Cohesion policy is based on the Treaty of the Union. In the current period, around €350bn have been allocated to it. When considering cohesion policy, images of infrastructure in less developed and newer member states such as Romania and Bulgaria may spring to mind, but in reality there is much more to the policy.
It also greatly benefits highly-developed member states such as German and Belgium - ‘externalities’, benefits stemming from public investments within cohesion policy. There are benefits for the recipients - the new member states - as well as for the ‘net contributors’.
Until now, the integrated effects of EU have never been properly researched. This (added) value of cohesion policy has, for too long, gone unrecognised. It’s time to reveal the findings of recent studies. A study commissioned by the European Parliament looks at how cohesion investments affect the entire Union.
Such a study can only be based on real data. This is why we opted for an analysis of the data for the period 2007-2014 (ex-post). The relationships have not changed much since then, allowing us to extrapolate these numbers as a basis for the actual period 2014-2020.
In particular, we looked at the EU15 of Austria, Germany, the Netherlands, Belgium, Luxembourg, Sweden, Ireland, Denmark, Italy, Spain, Finland, France, the United Kingdom, Portugal and Greece. This was based on cohesion-receiving countries, namely Poland, Hungary, Czech Republic and Slovakia.

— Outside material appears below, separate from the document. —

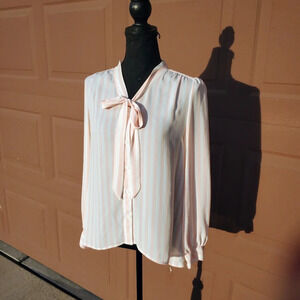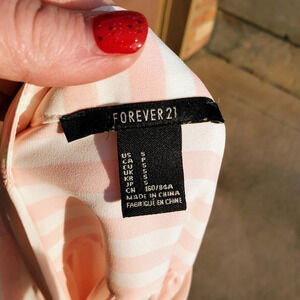Forever 21 Pink and White Striped Tie Front High Low Blouse Size Small

The study discusses growth in recipient countries and the effects in the ‘donor countries’, and reveals some interesting outcomes. The EU15 invested €120bn in ‘cohesion policy’ in the four recipients, with a €97bn return on investment.
Net contributors see positive results in their own country. The bulk of cohesion policy funding is devoted to developing transport infrastructure, water and waste management, development of new products and innovation transfer in the new member states.
The benefits of such investments for the EU15 arise not only from direct participation in construction work, for example, but also from the supply of machinery, technology and knowledge, the improvement of spatial coherence and access to transport.
Thanks to cohesion policy, many bottlenecks in the trans-European transport networks have been removed. This allows companies, originating from the EU15 and operating on the eastern European market, to reduce the costs and time of transport of goods, which has a positive effect for EU citizens in the form of lower prices of imported goods.
And, we must not forget the comfort and safety of travelling through Europe due to improved infrastructure. This is beneficial for all parties.
All in all, we can conclude from this study that it is not just the new member states that profit from cohesion policy. Following last week’s EU budget proposals, this conclusion carries a lot of weight. Cohesion is, and always will be, the glue that holds Europe together.
On 23 May, the EPP group will organise a public hearing on these externalities in the European Parliament.